With a new year comes an invisible yet very tangible push to improve, and at least one country has promptly made good on those intentions. The first week of 2018, Iceland legalized equal pay, enforcing its current ban on the common discriminatory practice of men being paid more than women on the basis of gender. The law makes the Nordic nation the first in the world to place the onus on both private and public businesses to prove that they are adhering to fair wage practices.

Under the new law, companies and government agencies with at least 25 employees are required to secure a government certification that formally acknowledges their equal pay policies. Organizations must undergo a certification process every three years. Those that don’t present proof of compliance with the new policies will be hit with heavy fines and possibly audited.

The law comes after a 2012 voluntary proposal for equal pay apparently failed to produce any substantial change. The divisive issue eventually came to a head in October of last year, prompting thousands of women to take to the streets of Reykjavik to protest the gender wage gap.

Despite it being an unprecedented legal move, some have been critical of the equal pay law. According to CBC News, employers’ associations balked at the financial requirements needed to obtain the certifications, as well as the threat of Iceland’s government becoming too involved in the labor market.
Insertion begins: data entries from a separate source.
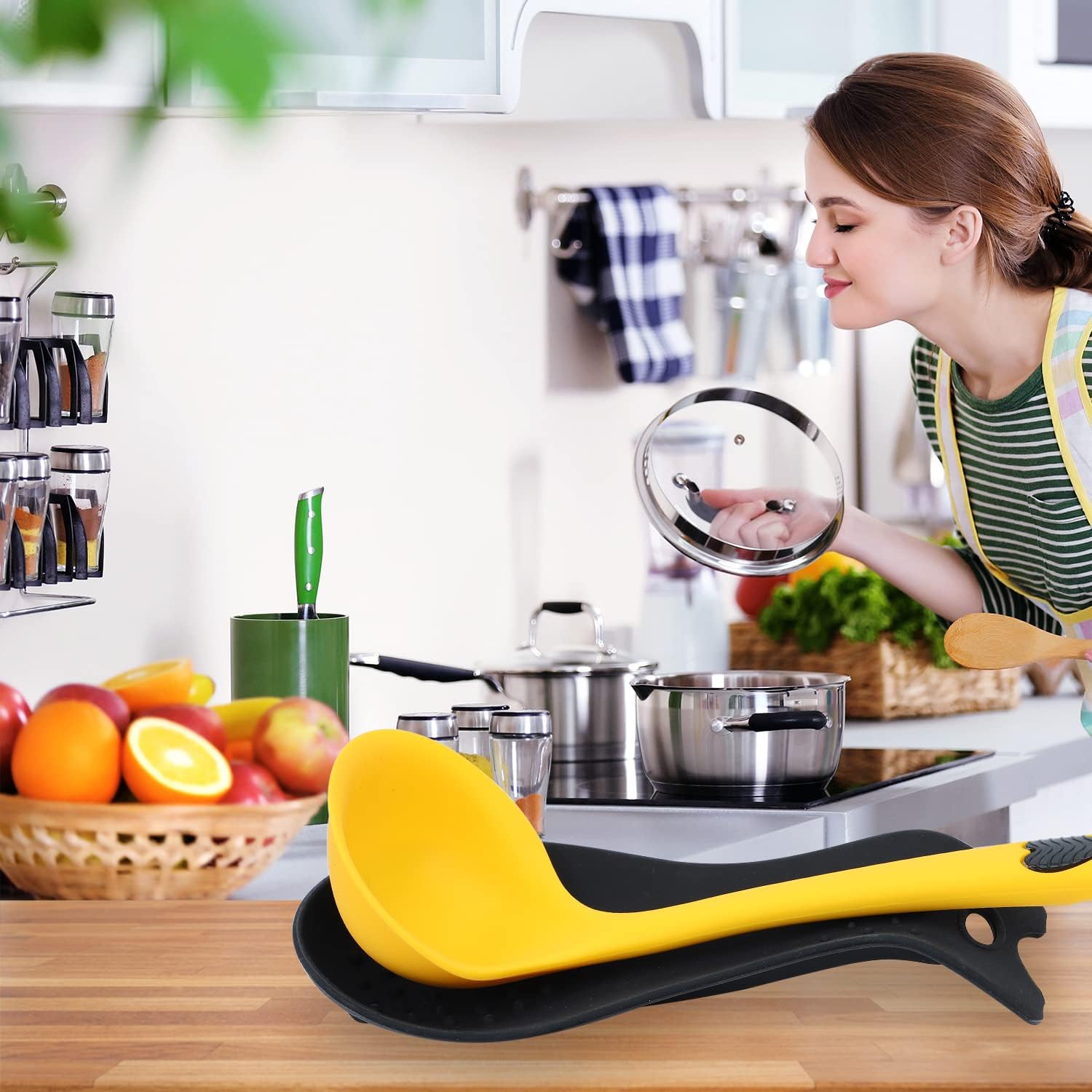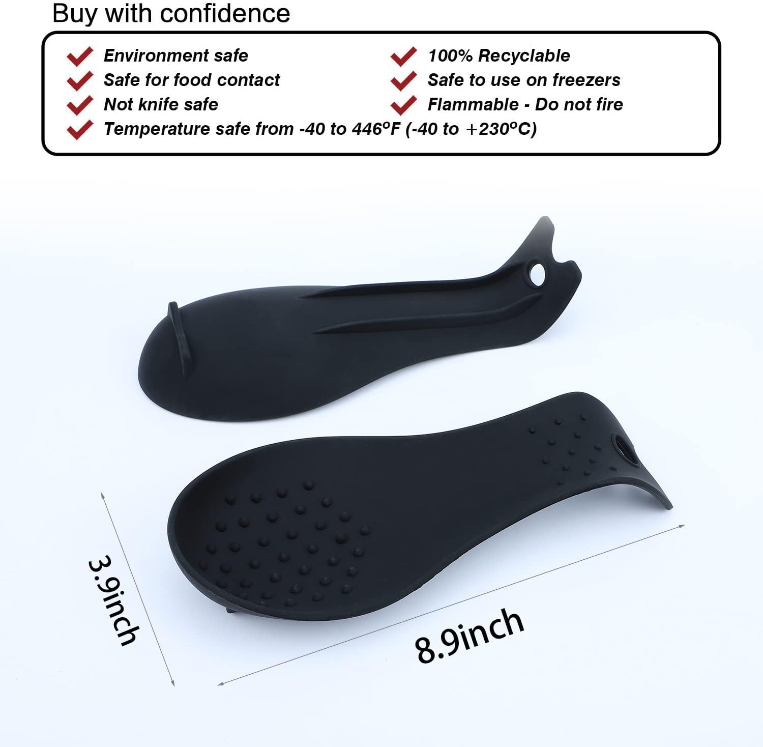 • The spoon holder are made of 100% food standard silicone, heat resistant up to 550 degrees F, dish washer safe
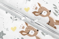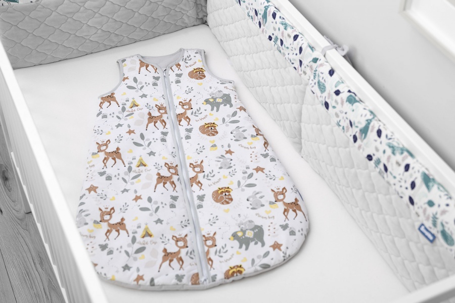 Bavlnený spací vak vhodný na zimné, či prechodné obdobie pre deti od 9-18 mes. Obsahuje obojstranný rýchly zips. Antialergická výplň. Potlač lesných zvieratiek .
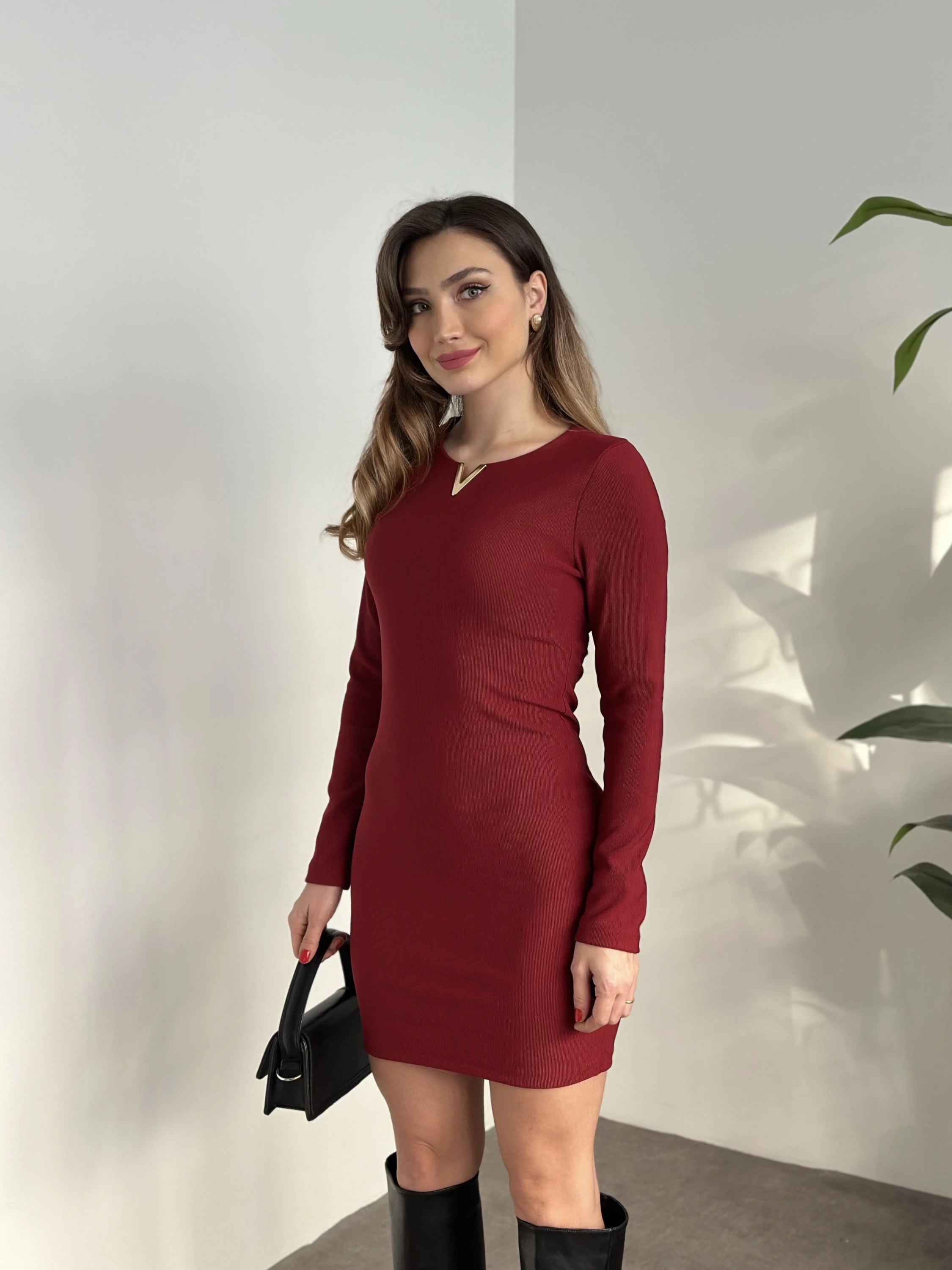 Ottoman kumaş yaka detaylı elbise kırmızı
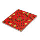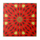 Die Gestaltung der Ziegel ist lebendig, die geometrischen Formen sind in Gelb, Beige und Schwarz auf einem roten Hintergrund im orientalischen Stil gehalten.
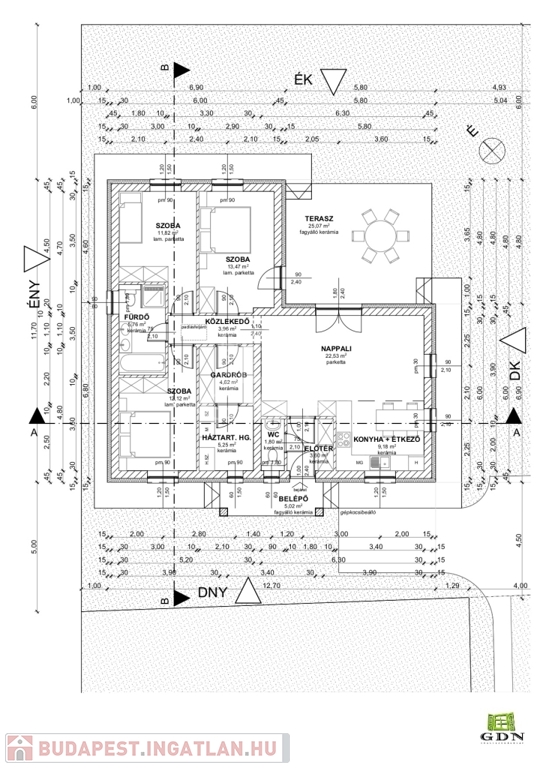 Az elegáns belső terekben a nappaliból és az egyik hálóból nyílik a tágas, 25m2-es TERRASZ, ahol kiválóan lehet pihenni.
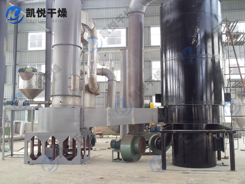粒度分级:在干燥主机的上部设置环形挡板,此被称为闪蒸干燥机分级器。当物料运动经过该分级器时变会受到离心力的作用,呈现不同旋转半径螺旋上升的趋势。粒径较小的物料从分级器的内孔排出;颗粒较大的物料被留在干燥室内继续粉碎,待达到标准粒度从内孔排出。
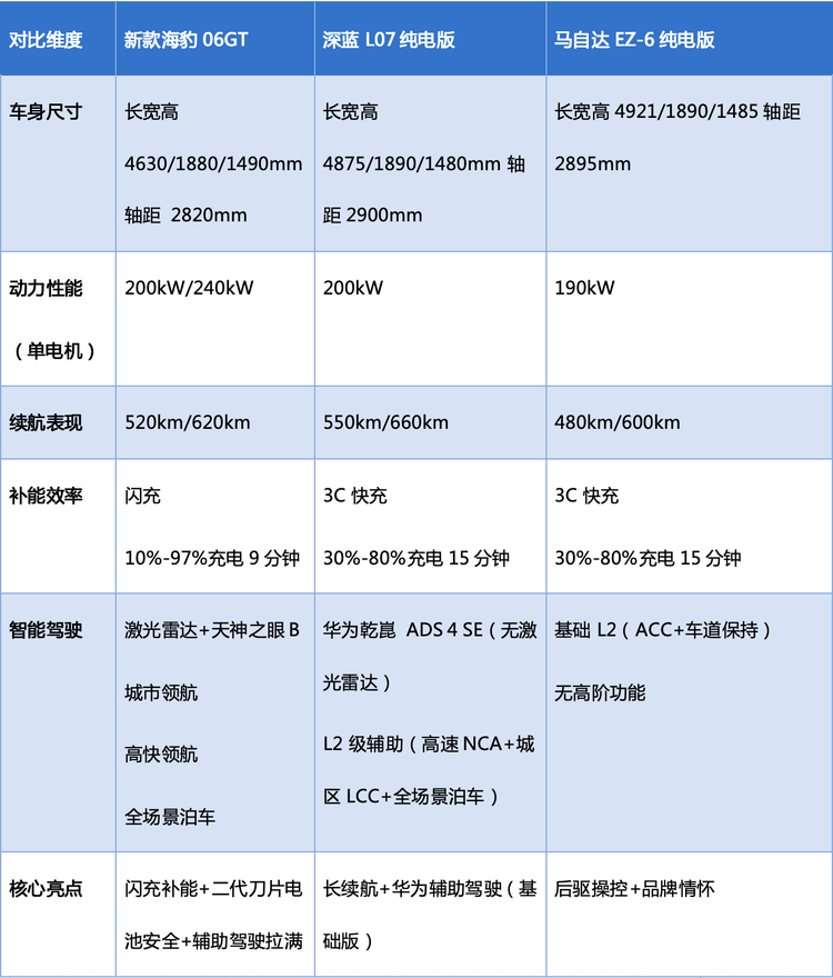 根据新款海豹06GT的价格和定位来看,它的竞争对手主要锁定深蓝L07、马自达EZ-6等车型。从上述表格能看出,新款海豹06GT属于“技术型选手”,核心优势是二代刀片电池+闪充技术,9分钟满电的体验是另外两款车所没有的,解决了纯电用户的“充电焦虑”,尤其适合经常跨城出行或充电不便的用户。但是车身尺寸在三车中不占优势,满载出游后排空间不如另外两车充裕。
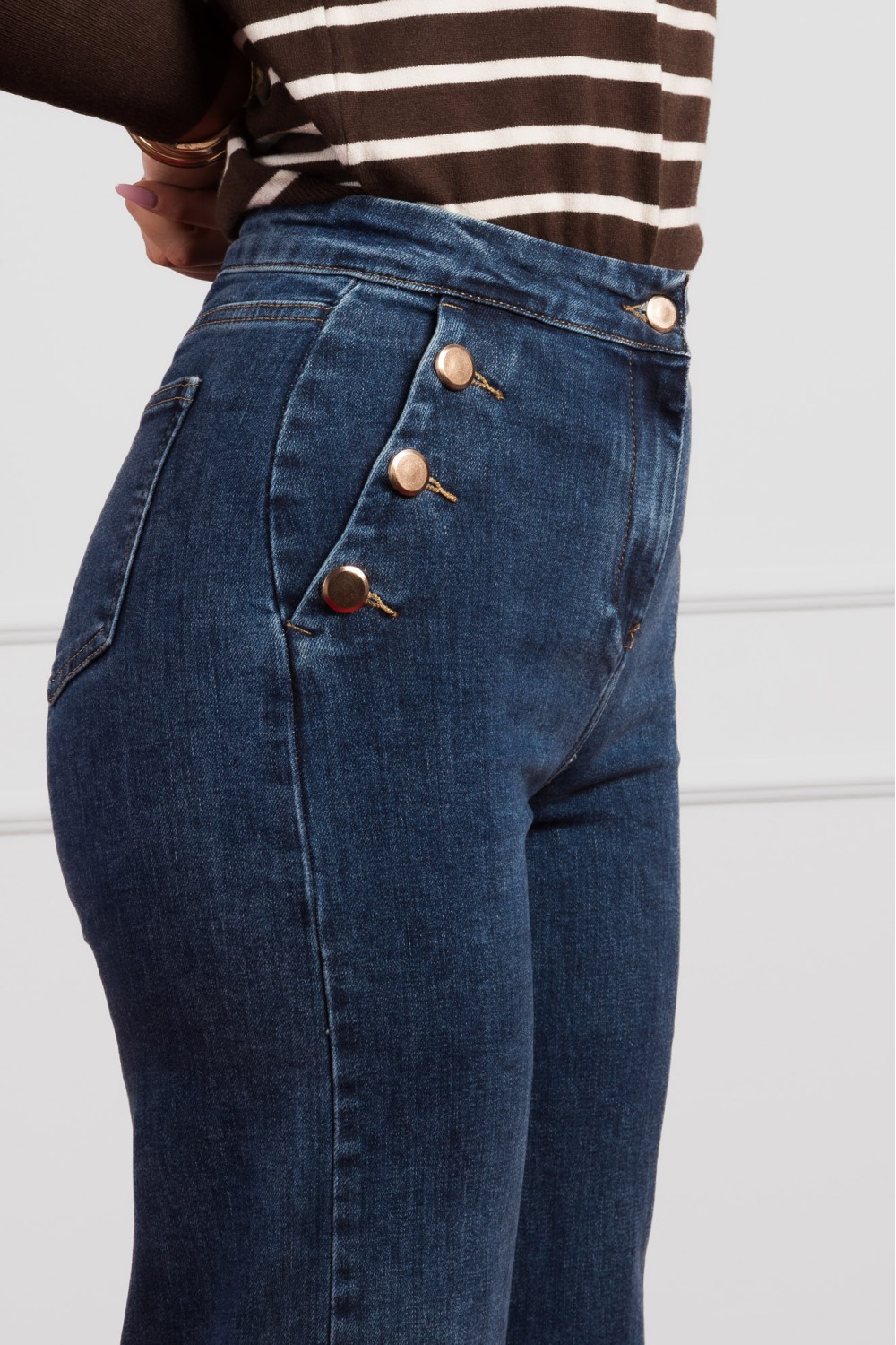 Ženske traper hlače, užih nogavica na materijalu sa elastinom. Pet džepova i kopčanje sprijeda patent zatvaračem i gumbom. Push up model s nešto drugačijim rezanjem na stražnjem dijelu, skin..
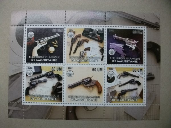 - モーリタニア切手『ピストル』6枚シートA 未使用
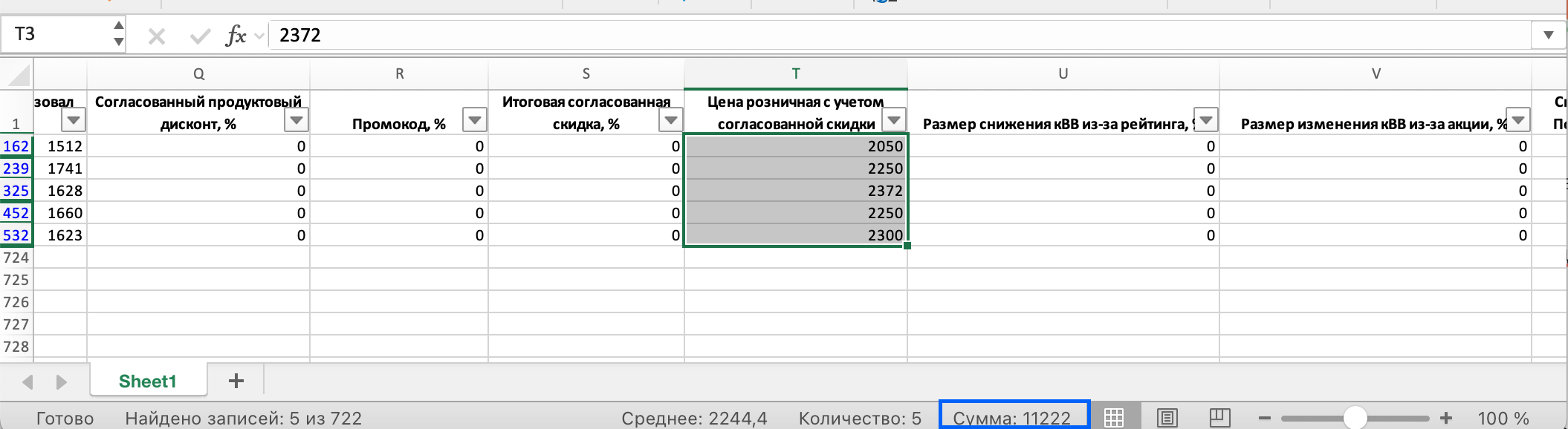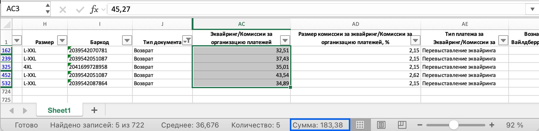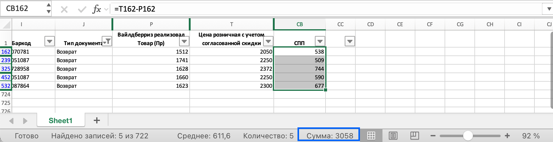 Посчитайте СПП для продаж: отфильтруйте строки с типом документа «Продажа» и основанием оплаты «Продажа», затем сложите значения в новом столбце. После этого отдельно посчитайте СПП для возвратов, выбрав «Возврат».
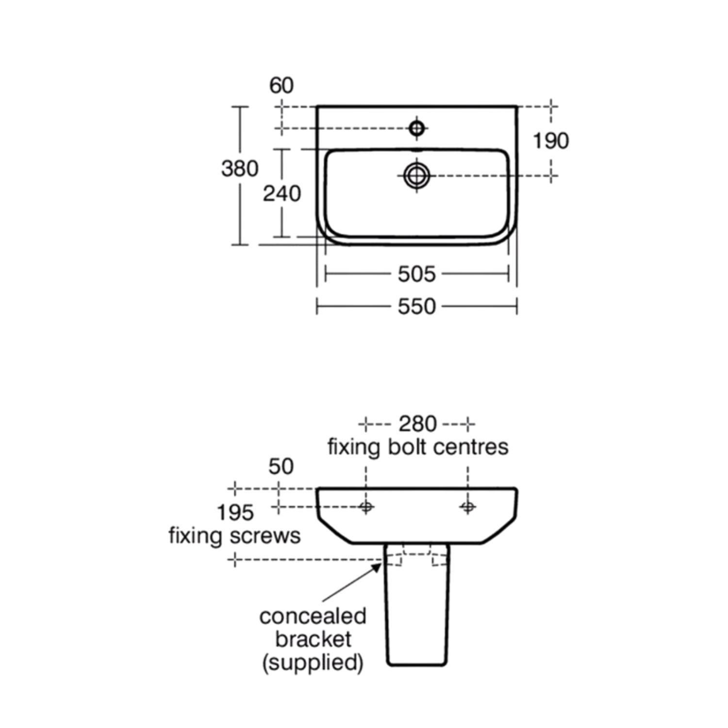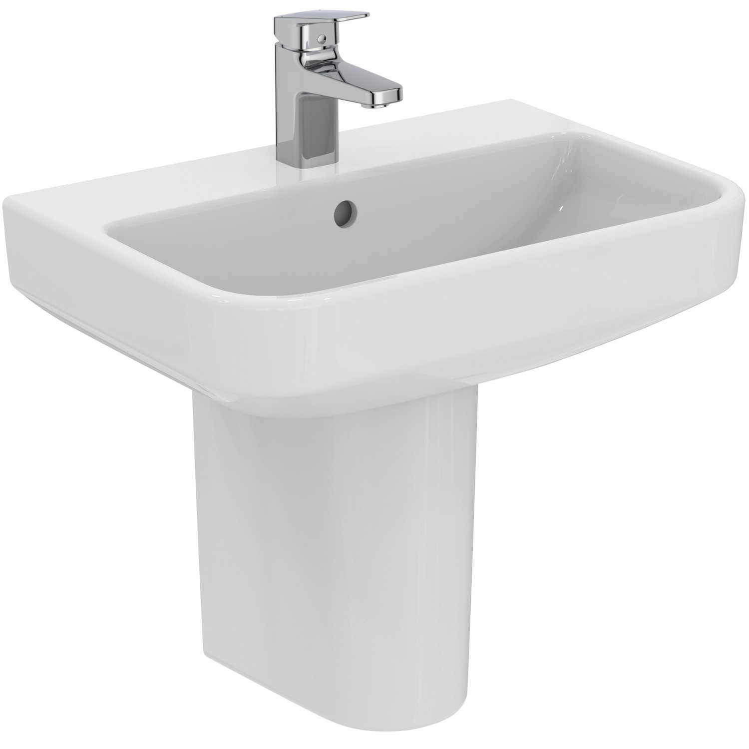 Enhance your bathroom with the i.Life S Compact 550mm Semi Pedestal Basin from Ideal Standard. Combining modern rectangular curves with a practical semi pedestal that conceals unsightly pipework whilst still giving the illusion of open floorspace, this space-saving sink is designed for both beauty and function. The basin design features a shorter 380mm depth making this sink perfect for compact or smaller spaces, such as cloakrooms or en-suites. Featuring one central tap hole, it's ideal for a mono basin mixer tap of your choice. The overflow is coverless meaning you can pair this basin with brassware in any finish. Crafted from high-quality ceramic and finished with a glossy enamel coating, it’s built to stand the test of time while adding a fresh, contemporary touch to your bathroom, is easy to clean and maintain whilst being backed with Ideal Standard's lifetime guarantee for peace of mind.
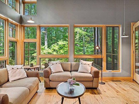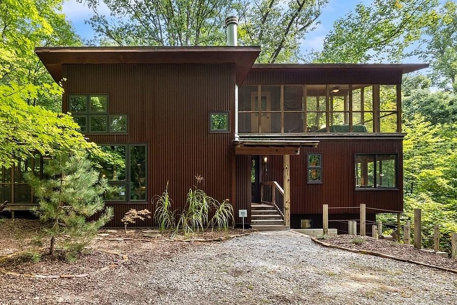 Welcome to Tryon Farms! Don't miss the opportunity to live in this highly coveted and conservation-minded community. This unique 3 bed/2.5 bath modern tree-house is tucked into the woods; offering privacy, tranquility, and beautiful views throughout the year as the large windows and high ceilings bring the outdoors in. The home boasts two screened-in porches (one designed as a sleeping porch), an open concept living/dining/kitchen area and a large walk-out basement. The open floor plan was designed with flexibility in mind as the bedrooms and the unfinished basement space can be easily converted into other usable spaces. There is ample opportunity to find a place for quiet solitude or for a lively gathering of friends and family. Stroll or bike Tryon's 5+ miles of trails spread over 120 acres of shared and preserved woodlands, pasture, meadowlands and pond owned by the Tryon Farm Institute; or swim in the eco-friendly pool. (Separate membership required.) Book your showing today!
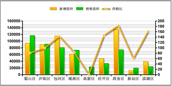 新增套數(shù)銷售套數(shù)供銷比新增面積銷售面積供銷比蜀山區(qū)920102789.58%93829.99116402.4280.61%廬陽區(qū)78095881.42%89674.8390892.1398.66%包河區(qū)1110788140.86%115063.4180328.14143.24%瑤海區(qū)67283880.19%60734.5272915.4583.29%高新區(qū)0174-022800.67-經(jīng)開區(qū)560346161.85%47995.4432905.01145.86%政務(wù)區(qū)1312468280.34%135712.5273957.05183.50%新站區(qū)12523253.88%11861.2119744.3460.07%濱湖區(qū)390252154.76%38511.8823720.59162.36%
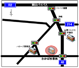 JR岡山駅から岡電バス(岡山ろうさい病院行き)に乗車。「若葉町」下車。徒歩5分。
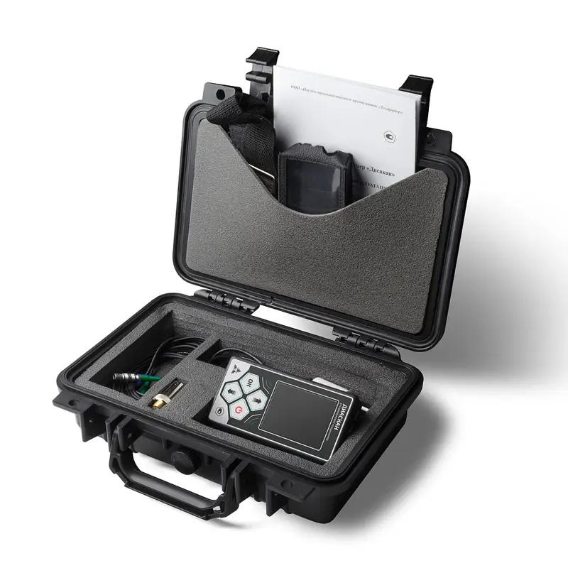 Предел допускаемой дополнительной абсолютной погрешности при измерении толщины изделий с шероховатой поверхностью со стороны ввода УЗК, мм: при шероховатости Rz=40 мкм при шероховатости Rz=80 мкм |
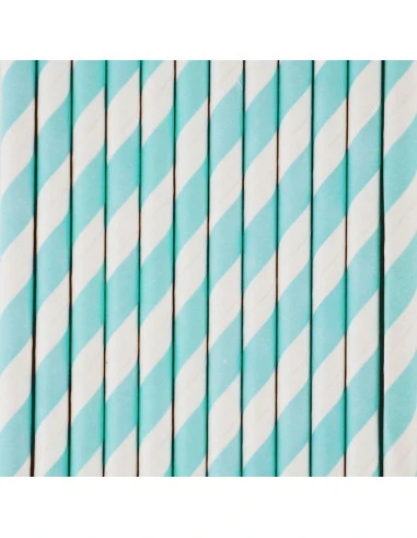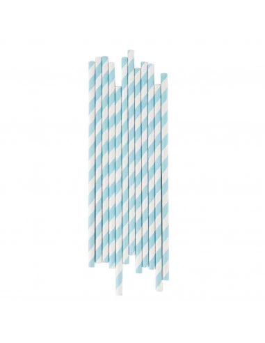 Pour la décoration de votre table de fête, 25 pailles rayées en papier coloris bleu pastel et blanc

Reports also mentioned economists who feel that skewed statistics paint an inaccurate view of factors that cause the country’s gender wage differentiation. (One of the factors being that, due to social conditioning, men typically pursue careers in lucrative sectors, while women gravitate toward the care sector, which provides lower wages.) Additionally, Bloomberg writer Leonid Bershidsky highlights concerns that the newly implemented law doesn’t address the real culprit causing the pay gap, which is stereotypical gender roles. Women are frequently seen as the primary caretakers, and this expectation to rear children pushes them out of the labor market. He believes Iceland’s law would need to also include parental leave polices for both parents to encourage a more equal division of childcare or household duties. In other words, Iceland’s law should be “improved upon” by other nations and not strictly followed.

In 2017, Stefan Olafsson of the University of Iceland’s European Social Policy Network authored a report in which he emphasized why the new legislation won’t be able to completely merge the pay gap.

While maintaining that the certification requirement may help to advance the “ethos of gender and other equality issues in Icelandic society,” Olafsson wrote that there “is still a gendered pay difference rooted in the fact that women take greater responsibility for care tasks within the household, while men spend more time in paid work.”

Nevertheless, John Boyd of U.S.-based management consulting firm The Boyd Company is confident that other countries will still follow suit, but not for the reasons we might expect.

“I do expect other progressive nations to pass legislation mandating equal pay,” Boyd tells Playboy. “While this is largely a symbolic gesture, it will have branding value for countries to attract and retain the best talent from around the globe. I would not be surprised to see similar legislation in Canada, led by progressive Prime Minister Trudeau, in the months ahead.”

“The branding quotient here cannot be understated,” he continues. “We are in a global competition to attract industry and jobs—and it’s all about talent. Iceland has a growing high-tech industry and booming start-up culture. This new equal pay legislation is consistent with the type of social policy critical to attracting a young and IT-skilled workforce,” Boyd says.

For now, the northern nation of less than 350, 000 citizens has its sights set on a goal that still feels so far out of reach for other countries: closing the pay gap by 2022. It sounds great in theory, but the Institute on Women’s Policy and Research recently forecast an end to the gender pay gap in 2059. The outlook for women of color is even bleaker, with the institute predicting the arrival of equal pay for black and Latina women in the years 2124 and 2233, respectively.

Figures showing that the global pay divide is growing wider suggest that we still have a long way to go before Iceland’s ruling begins to make tangible, legal waves elsewhere. Hopefully, that won’t discourage those of us who still have to go above and beyond to prove that our gender should have never prevented us from earning a fair living in the first place.